Pray for the Welfare of the City
by Pastor Greg Hoffmann
Based on Jeremiah 29:4-11.
When was the last time you stood on a mountain and watched the sunrise or a sunset? Or been away from city lights on a cloudless, moonless night and marveled at the stars? Or stood in a forest and marveled at the beauty of the trees and been enveloped in a sense of wonder at the centuries of life around you?
In such awe-inspiring moments we don’t usually analyze what is going on. We don’t ask, “How is it that my eyes are seeing this? How does my eye function? What is the relationship between the retina and the optic nerve, and how does this light get to my brain to form this image?” No, we take in the whole picture. When we are caught up in the beauty of a moment we don’t get bogged down in the analytical details. But of course, there is a time for analysis.
When it comes to praying for the needs of the world (beyond individual prayer concerns) we often get stuck at the general picture stage, paralyzed by the question, “Where do I begin?” But just as the ecosystem of a forest can be broken down and addressed individually; just as the wonder of sight and the mechanics of the human eye can be broken down into its various parts; just as the solar system can be seen in its smaller parts, so society can be examined in its various parts.

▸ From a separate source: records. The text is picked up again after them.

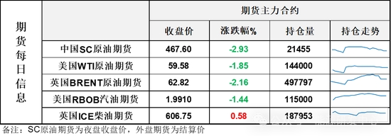 【1】WTI主力原油期貨收跌1.12美元,跌幅1.85%,報59.58美元/桶;布倫特主力原油期貨收跌1.39美元,跌幅2.16%,報62.82美元/桶;INE原油期貨收跌2.93%,報467.6元。
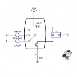 Llave de luces para montesa Impala sport y Ducati, interruptor con posicion de cortas y largas (el encendido y luz de posicion se acciona desde la llave del faro), dos pulsadores en su parte superior para funcion de rafagas y claxon.
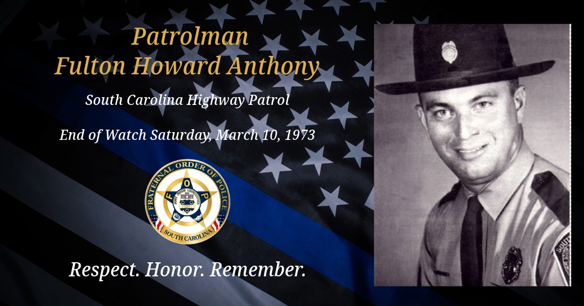 Today, we remember South Carolina Highway Patrol Patrolman Fulton Anthony.
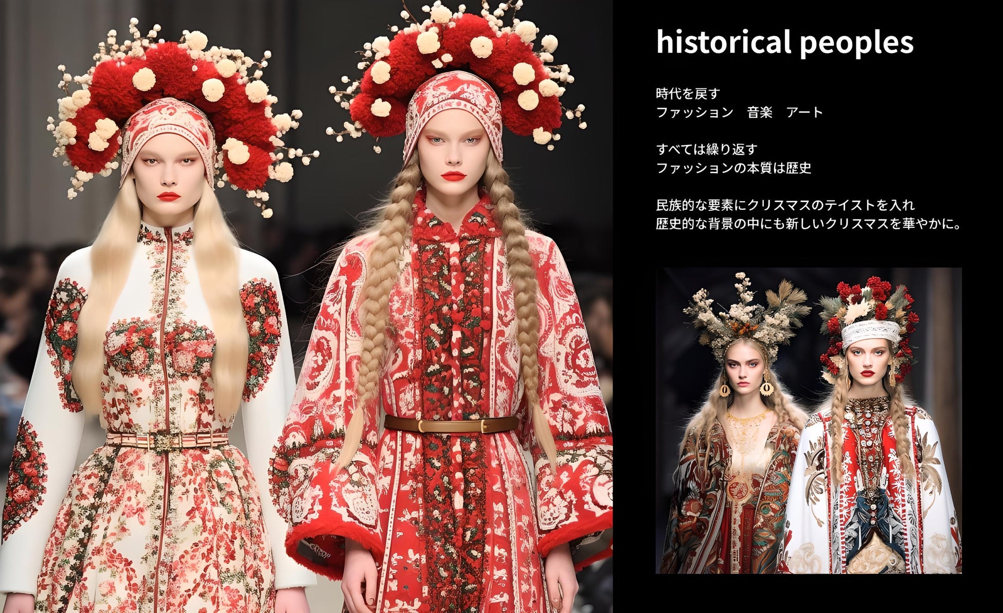 「歴史的な文脈を尊重しつつも、モダンな解釈を加えることで新しく華やかなホリデースタイルを創造しているところが印象的でした。
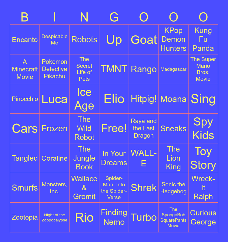 This bingo card has a free space and 48 words: Shrek, Madagascar, Finding Nemo, Frozen, Ice Age, Spy Kids, Despicable Me, Night of the Zoopocalypse, KPop Demon Hunters, In Your Dreams, Kung Fu Panda, Up, Moana, Hitpig!, Smurfs, Sneaks, A Minecraft Movie, The Super Mario Bros. Movie, Sonic the Hedgehog, Goat, Rango, The Wild Robot, Encanto, Pokemon Detective Pikachu, Wreck-It Ralph, The Secret Life of Pets, Sing, Zootopia, Elio, Luca, The SpongeBob SquarePants Movie, Raya and the Last Dragon, Toy Story, Monsters, Inc., Cars, WALL-E, The Lion King, Pinocchio, The Jungle Book, Wallace & Gromit, Tangled, Curious George, Robots, Rio, TMNT, Spider-Man: Into the Spider-Verse, Coraline and Turbo.
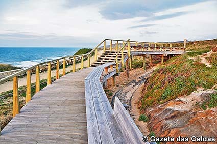 O projecto foi elaborado pela arquitecta Nadia Schilling e desenvolvido pela autarquia caldense em conjunto com a ARH – Tejo (Administração da Região Hidrográfica). Os percursos pedestres já existentes nas arribas foram ligados entre si através de passadiços de madeira e existem miradouros com algum mobiliário onde os visitantes podem contemplar a paisagem. Com estes passadiços em madeira pretende-se criar a ligação entre os vários espaços e encontrar entre os vários miradouros condições para que as pessoas possam contemplar o mar e tirar alguma sobrecarga de estacionamento sobre as arribas.
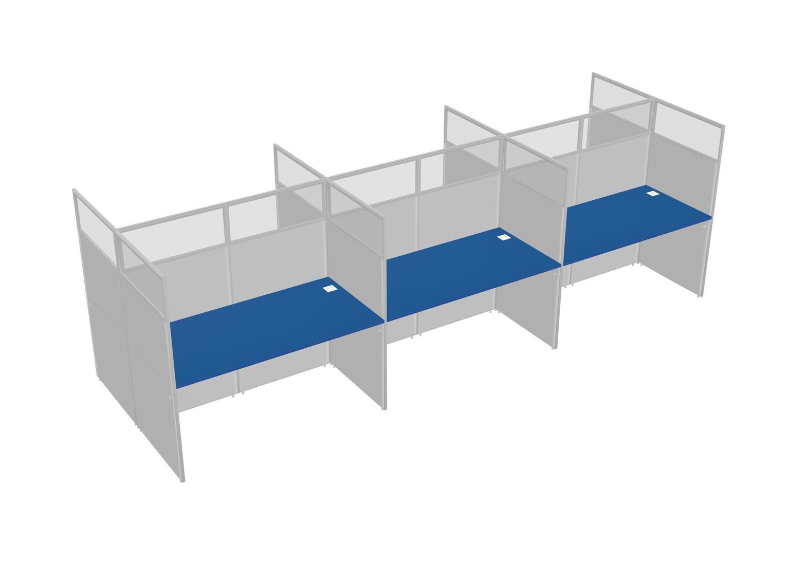 Prism Blue Shared Rectangular Office Cubicle Panel System For 6 Persons
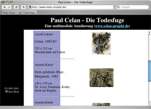 Als zusätzliches Material werden Video- und Audiodateien angeboten, die jedoch leider nicht vorhanden sind - statt dessen erhält man einen lapidaren Hinweis auf das urheberrechtliche Einschränkungen. Sehr gut gefällt hier der Bereich “Celanesque Art”, wo Kunstwerke zur Todesfuge dargestellt sind und auf Klick vergrößert werden können:
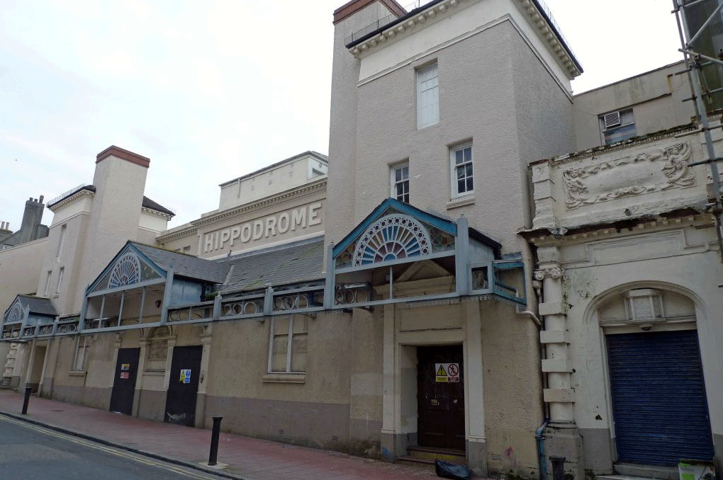 ![]() In 1964 the Hippodrome was used as a location in the film Be My Guest (released April 1965). These stills from a short scene of a couple arriving at the theatre—clearly shot in the middle of the night, when the theatre and Middle Street look forlorn—show the entrance in its dying days as a variety theatre. Note that the canopy has all but disappeared. |

Some may ask, “Why should we be concerned to pray? What difference does it make?” And so, enter Jeremiah, a prophet to Judah in the 7th and 6th centuries B.C. For at least three decades, Jeremiah had warned the people of Judah about the coming exile in Babylon and declared the Word of God that it would last 70 years. In Jeremiah 29, the prophet is writing to the people taken into exile (writing after 586 B.C.), addressing their struggle. False prophets were telling the displaced exiles that this would not last long. But the Lord had a different word. We read in Jeremiah 29:4-6:
This is what the Lord Almighty, the God of Israel, says to all those I carried into exile from Jerusalem to Babylon: “Build houses and settle down; plant gardens and eat what they produce. Marry and have sons and daughters; find wives for your sons and give your daughters in marriage, so that they too may have sons and daughters. Increase in number there; do not decrease.”
The Lord instructed them to build a strong community in Babylon, to settle in, for it would be 70 years—longer than the normal human lifespan of that day.
Verse 7 is a good prayer focus for our day: “Also, seek the peace and prosperity of the city to which I have carried you into exile. Pray to the Lord for it, because if it prospers, you too will prosper.” The phrase, “peace and prosperity” is an attempt to translate the single Hebrew word Shalom. Shalom is well-being, wholeness in every aspect of life. It means completeness, soundness/safety, welfare, health, prosperity in working the land, quiet, tranquility, contentment and friendship, peace with God in a covenant relationship and peace from war – it is an all-encompassing word. Shalom describes “one who has, or has been provided, what is needed to be whole and complete.”
The exiles were in a hostile situation and yet God directed them to pray for their city’s welfare. So, today we are to pray for our city’s (nation’s) shalom. Especially in these chaotic times, may our eyes be open to see God moving in our day to bring deliverance – SHALOM.